━━━━━ Exercise data

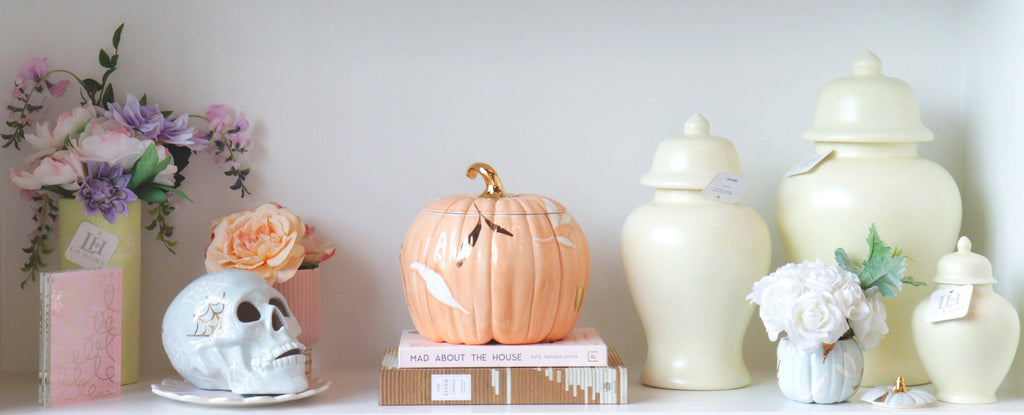 Our lidded pumpkin jars are hand-poured in Oklahoma and hand-painted by a Lo Home artist before being fired for a beautiful and durable finish which is food and water safe. Then, 22K gold accents are hand-applied to each piece for an heirloom-quality piece to be passed down and enjoyed for years to come.
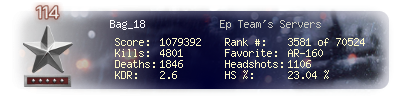 | Headshots | 1106 | Suicides | 16 | Headshot / Kill | 23.04 % |
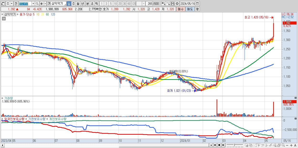 - 삼익악기 (1,392원 ▲ 6.42% , 시총: 1,260억, 거래량: 1,988,999, 거래대금:28억, KOSPI)

━━━━━━━━━━

- [Activity]: Reproduce exactly the lines above from the one with "Kill | 23.04 % |" through the last line of the data, keeping both ends and dropping the pictures.

- [Problem solution]:
 | Headshots | 1106 | Suicides | 16 | Headshot / Kill | 23.04 % |
 - 삼익악기 (1,392원 ▲ 6.42% , 시총: 1,260억, 거래량: 1,988,999, 거래대금:28억, KOSPI)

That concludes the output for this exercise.